• WHAT THE TASK REQUIRES
No pictures in the copy, please: retype all the records exactly.

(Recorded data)
★ ★ ★ ★

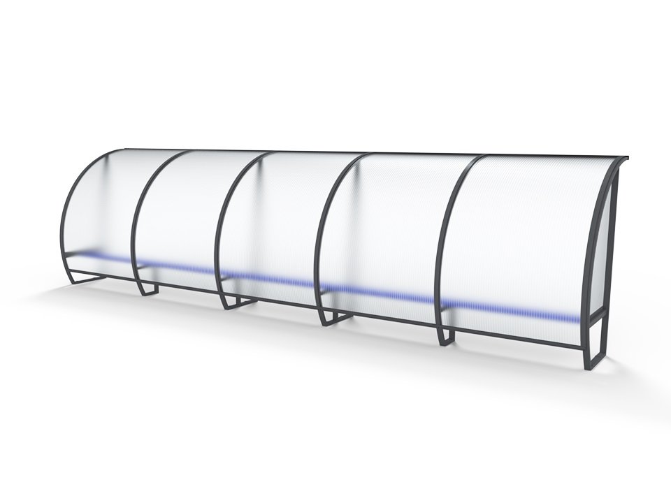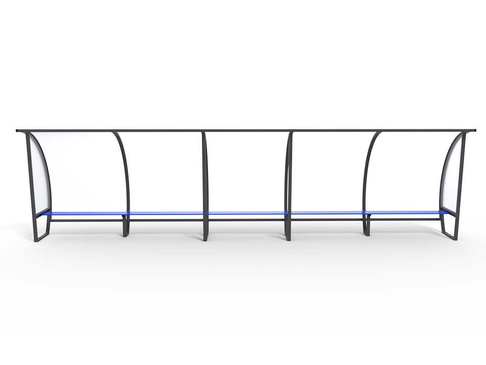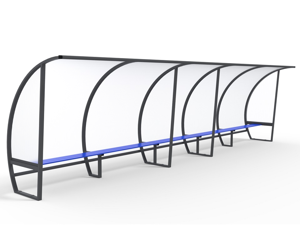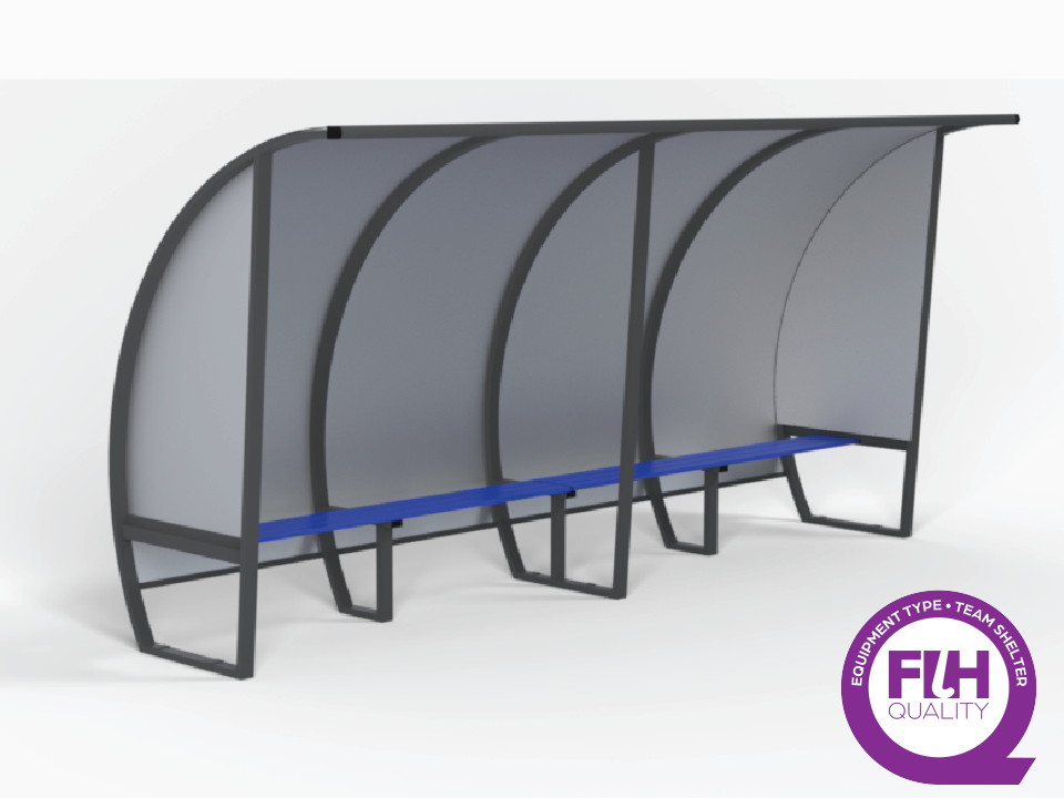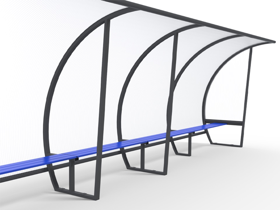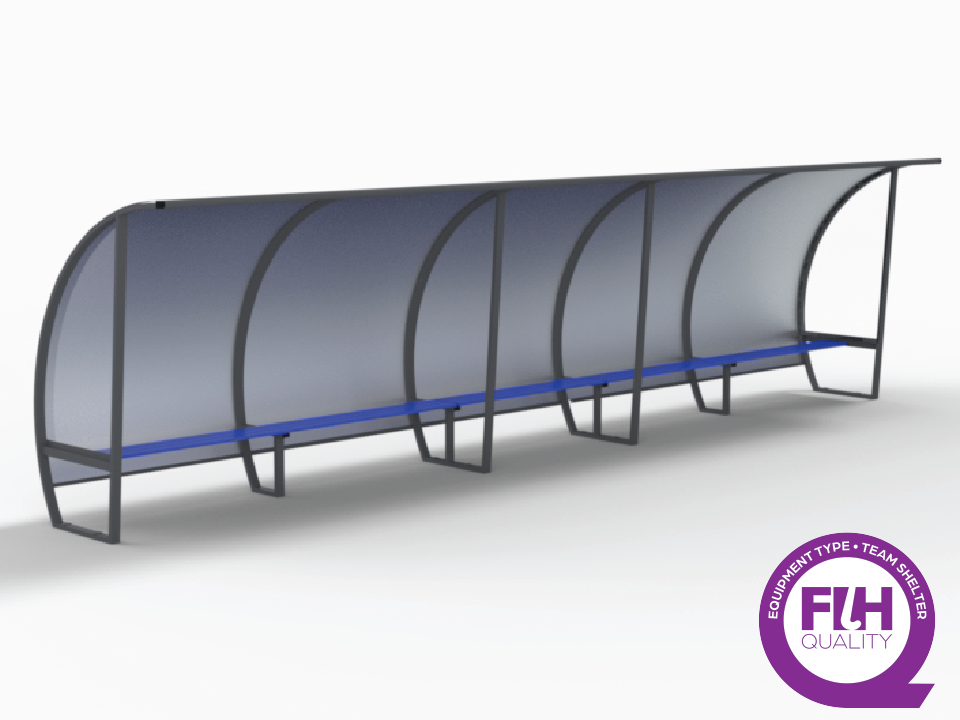 Team shelter 2.0m height to accommodate staff and subsitutes during game. Aluminium frame with polycarbonate protection, 7.5m long for 15 persons.
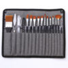 18pcs paint brush kit comes with 12 types of paint brushes, 1 scraper, 1 yellow sponge ball, 1 2B pencil, 1 Watercolor brush pen, and a canvas storage bag.
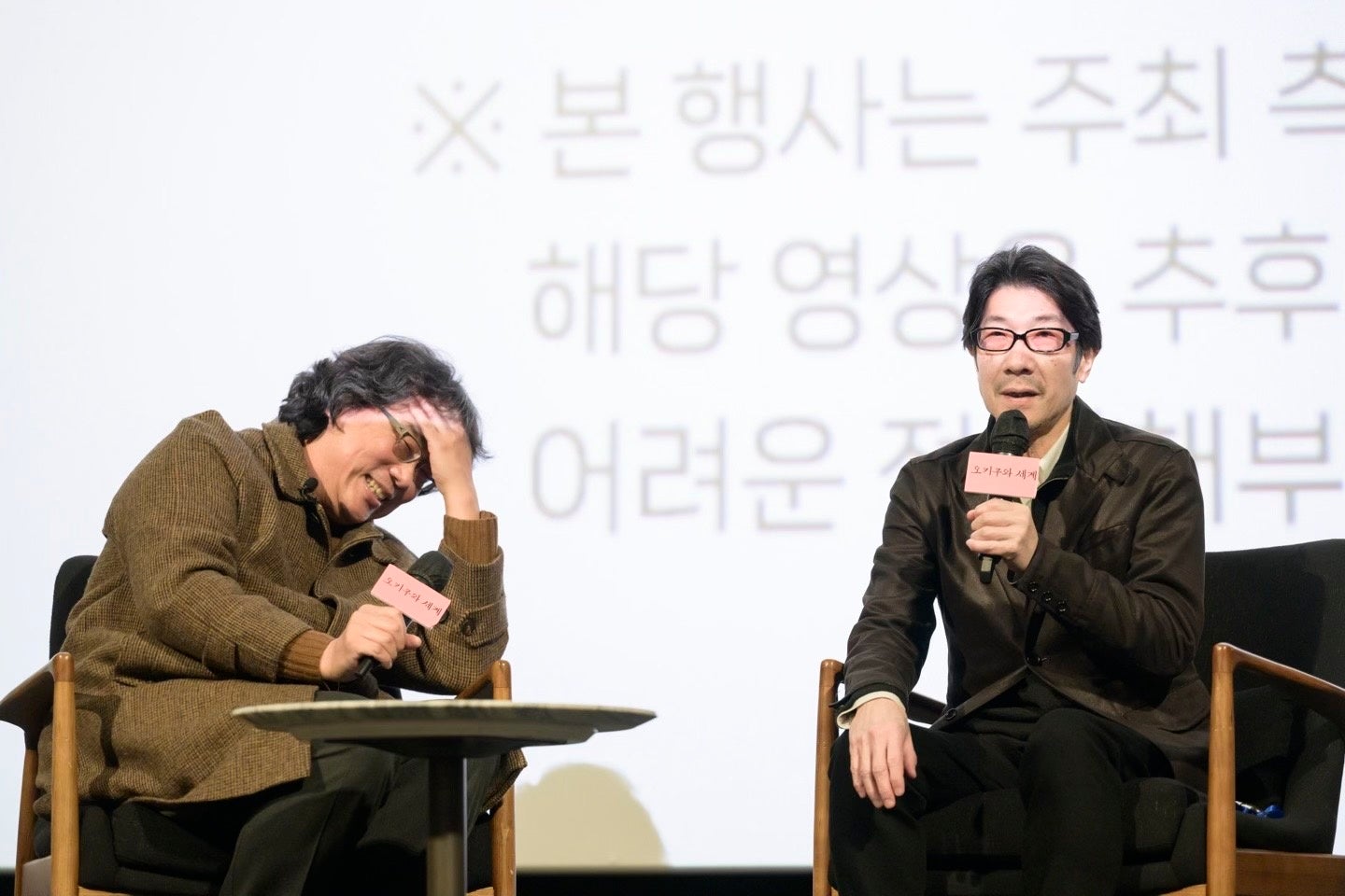 同日午後にシネコンのCGV龍山で行われた上映イベントでは、ポン・ジュノ監督が「ポンテール」(ポン・ジュノ+ディテール)という愛称に相応しく、阪本順治監督の繊細な演出が映画の随所に隠されていることを紐解きました。たとえば、「突如挿入されるカラーシーンが映画のリズムを生み出す演出意図は何か?」、「3年に及ぶ長い時間をかけて新しい章を作り出す際にどのようなリズムで続けるかをどう考えたのか?」、「映画全体の微妙なリズムを形成する美しいインサートショットをどこにどのように配置し、どのようなリズムで調整したか?」など、制作の秘密について質問を投げかけました。
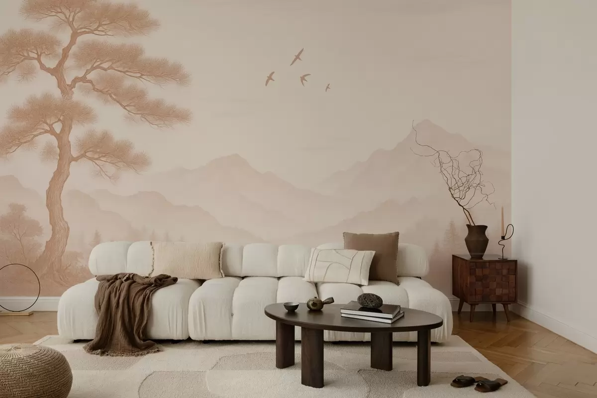 Fototapeten panorama von Hügeln mit einem großen Baum in Mokka-Tönen N° w04033v1
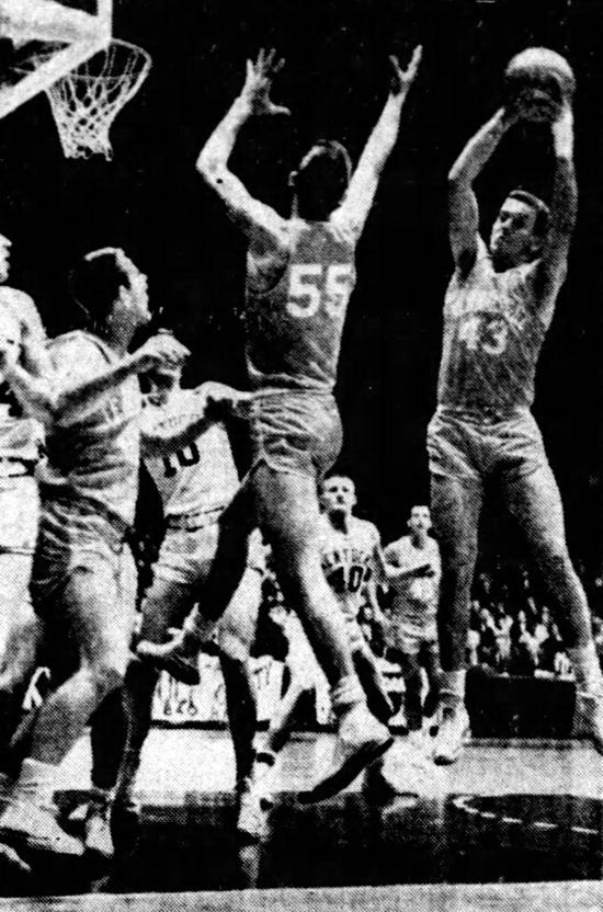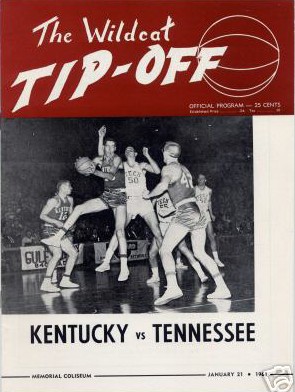 Kentucky's Carroll Burchett and Tennessee's Orb Bowling (#55) fight for a rebound while Bill Lickert (#44) and UT's Dick Fisher stand by
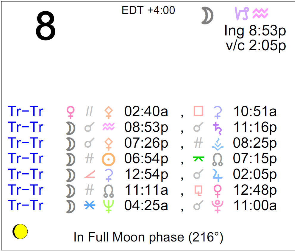 - The void Moon occurs from 2:05 PM to 8:53 PM.
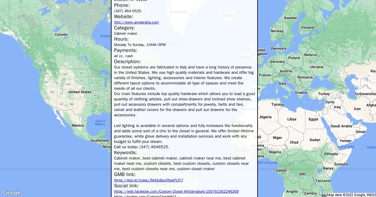 Address: 3908 Fort Hamilton Pkwy, Brooklyn, NY 11218 Phone: (347) 464-6525 Website: http://www.annagratia.com Category: Cabinet maker Hours: Monday To Sunday, 10AM–5PM Payments: all cc, cash
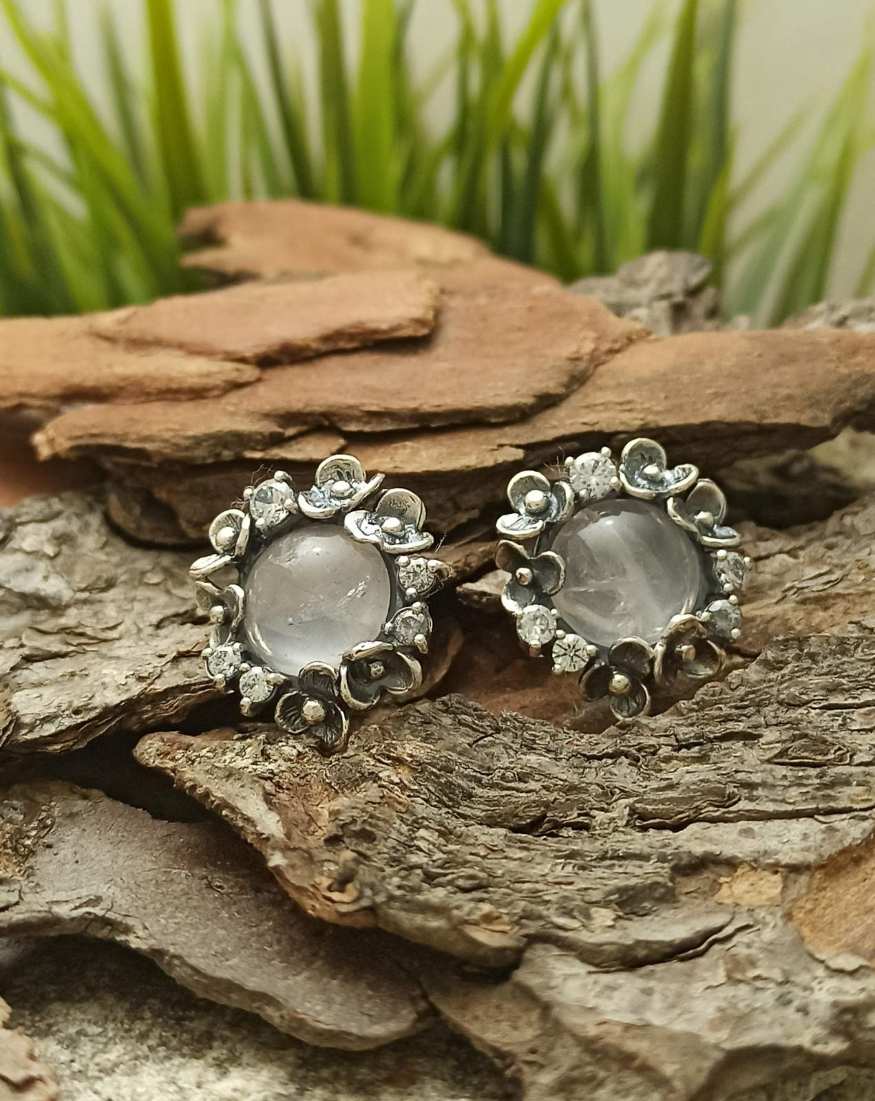 Сребърни обеци с планински кристал и циркони, авторски модел 1094E от фабрика за сребърна бижутерия – Студио Николас. Това е повече от бижу … Незабравимо е!
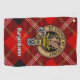 Clan Marjoribanks crest badge surrounded by a strap and buckle over tartan background. Custom text.
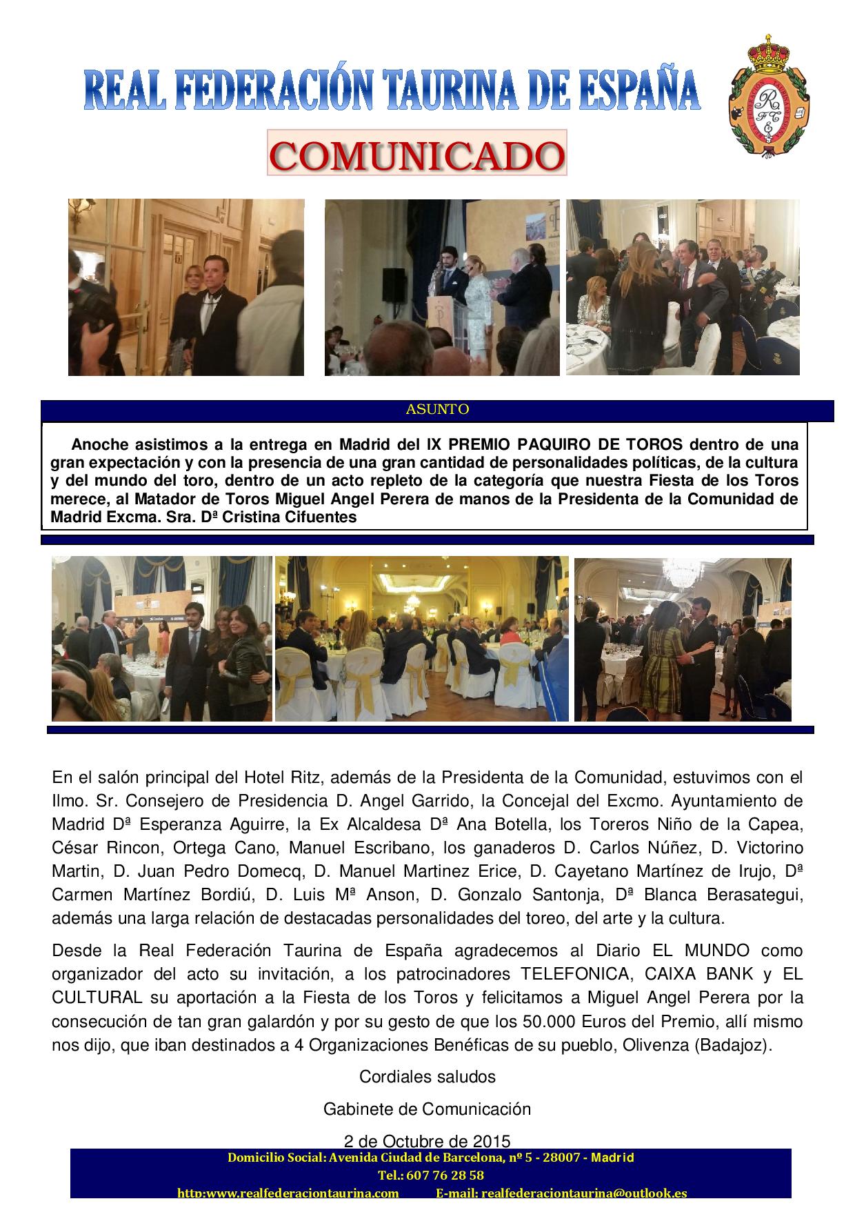Entregados IX Premio Paquiro de Toros
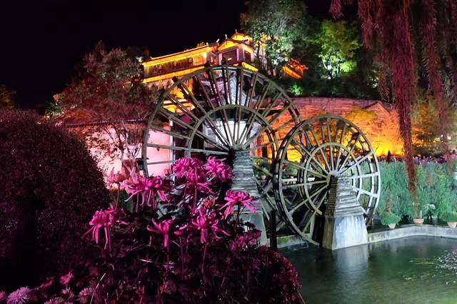 大水车是丽江古城的标志性建筑,也是来丽江旅行很多人都会去拍照留念的地方。晚上的大水车也依旧人气不减,周围全是人。
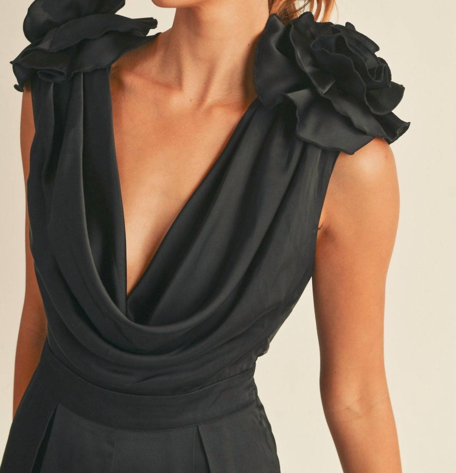 It doesn't take much for this one piece to look effortlessly cool. Add some statement jewelry to dress it up, or throw on some sneakers for a more casual vibe. Elevate your wardrobe with the Floral Applique Deep Cowl Neck Jumpsuit by MABLE, designed to make a bold statement. This elegant black piece features wide legs and a stunning satin 3D floral applique that enhances the deep cowl neck and open back. Composed of 100% Polyester, this jumpsuit offers a relaxed fit with a self-tie closure. Care is effortless with dry clean maintenance recommended.
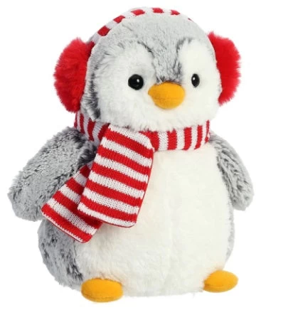 Pom Pom Penguin is bundled up this winter season with an adorable striped scarf and matching earmuffs! Pom Pom Penguin’s round, fluffy body makes for a warm cuddling experience perfect for the holidays.
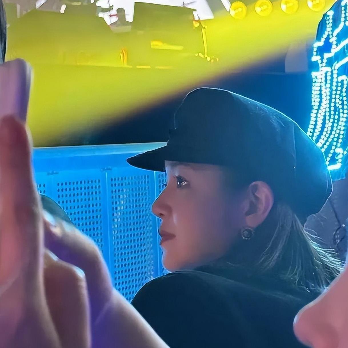 陈妍希演唱会低调现身在演唱会上现身的陈妍希还是挺低调的。她穿了一身黑衣服,但依然很有魅力。她头上戴着一顶贝雷帽,还化了精致的妆容。
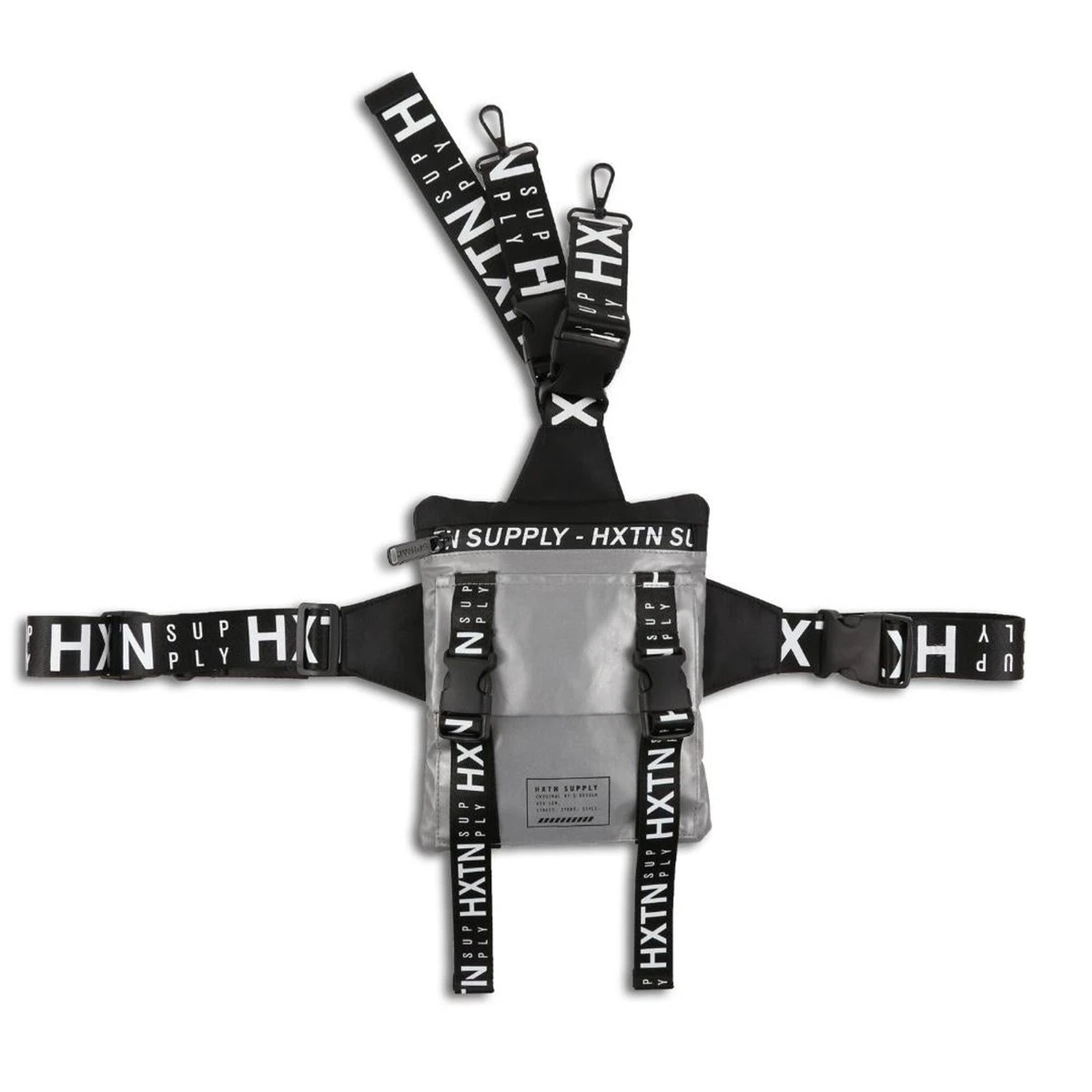 ? Key feature – Unique belt holster construction. Reflective body sensitive to light. Dual secure storage compartments. HXTN branded teeth zip and fastening straps. HXTN branded adjustable body strap. Additional hardware hooks to secure additional items.
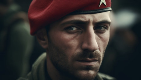 Confident young adult with beard in casual cap outdoors looking serious generated by artificial intelligence
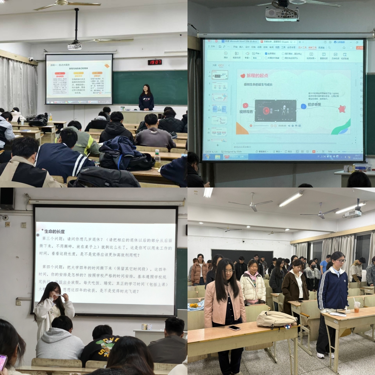 大一各班级以“珍爱生命,温暖同行”为主题,结合实际,灵活选择活动开展。班会活动以体验式教育为载体,让学生在动手操作与情感触动中重新审视生命的意义与时间的价值,有效增强了学生的生命意识与时间管理意识,班级凝聚力与互助氛围也得到进一步提升。

★ ★ ★ ★

• SOLUTION FOR THIS PROBLEM
 Team shelter 2.0m height to accommodate staff and subsitutes during game. Aluminium frame with polycarbonate protection, 7.5m long for 15 persons.
 18pcs paint brush kit comes with 12 types of paint brushes, 1 scraper, 1 yellow sponge ball, 1 2B pencil, 1 Watercolor brush pen, and a canvas storage bag.
 同日午後にシネコンのCGV龍山で行われた上映イベントでは、ポン・ジュノ監督が「ポンテール」(ポン・ジュノ+ディテール)という愛称に相応しく、阪本順治監督の繊細な演出が映画の随所に隠されていることを紐解きました。たとえば、「突如挿入されるカラーシーンが映画のリズムを生み出す演出意図は何か?」、「3年に及ぶ長い時間をかけて新しい章を作り出す際にどのようなリズムで続けるかをどう考えたのか?」、「映画全体の微妙なリズムを形成する美しいインサートショットをどこにどのように配置し、どのようなリズムで調整したか?」など、制作の秘密について質問を投げかけました。
 Fototapeten panorama von Hügeln mit einem großen Baum in Mokka-Tönen N° w04033v1
 Kentucky's Carroll Burchett and Tennessee's Orb Bowling (#55) fight for a rebound while Bill Lickert (#44) and UT's Dick Fisher stand by
 - The void Moon occurs from 2:05 PM to 8:53 PM.
 Address: 3908 Fort Hamilton Pkwy, Brooklyn, NY 11218 Phone: (347) 464-6525 Website: http://www.annagratia.com Category: Cabinet maker Hours: Monday To Sunday, 10AM–5PM Payments: all cc, cash
 Сребърни обеци с планински кристал и циркони, авторски модел 1094E от фабрика за сребърна бижутерия – Студио Николас. Това е повече от бижу … Незабравимо е!
 Clan Marjoribanks crest badge surrounded by a strap and buckle over tartan background. Custom text.
Entregados IX Premio Paquiro de Toros
 大水车是丽江古城的标志性建筑,也是来丽江旅行很多人都会去拍照留念的地方。晚上的大水车也依旧人气不减,周围全是人。
 It doesn't take much for this one piece to look effortlessly cool. Add some statement jewelry to dress it up, or throw on some sneakers for a more casual vibe. Elevate your wardrobe with the Floral Applique Deep Cowl Neck Jumpsuit by MABLE, designed to make a bold statement. This elegant black piece features wide legs and a stunning satin 3D floral applique that enhances the deep cowl neck and open back. Composed of 100% Polyester, this jumpsuit offers a relaxed fit with a self-tie closure. Care is effortless with dry clean maintenance recommended.
 Pom Pom Penguin is bundled up this winter season with an adorable striped scarf and matching earmuffs! Pom Pom Penguin’s round, fluffy body makes for a warm cuddling experience perfect for the holidays.
 陈妍希演唱会低调现身在演唱会上现身的陈妍希还是挺低调的。她穿了一身黑衣服,但依然很有魅力。她头上戴着一顶贝雷帽,还化了精致的妆容。
 ? Key feature – Unique belt holster construction. Reflective body sensitive to light. Dual secure storage compartments. HXTN branded teeth zip and fastening straps. HXTN branded adjustable body strap. Additional hardware hooks to secure additional items.
 Confident young adult with beard in casual cap outdoors looking serious generated by artificial intelligence
 大一各班级以“珍爱生命,温暖同行”为主题,结合实际,灵活选择活动开展。班会活动以体验式教育为载体,让学生在动手操作与情感触动中重新审视生命的意义与时间的价值,有效增强了学生的生命意识与时间管理意识,班级凝聚力与互助氛围也得到进一步提升。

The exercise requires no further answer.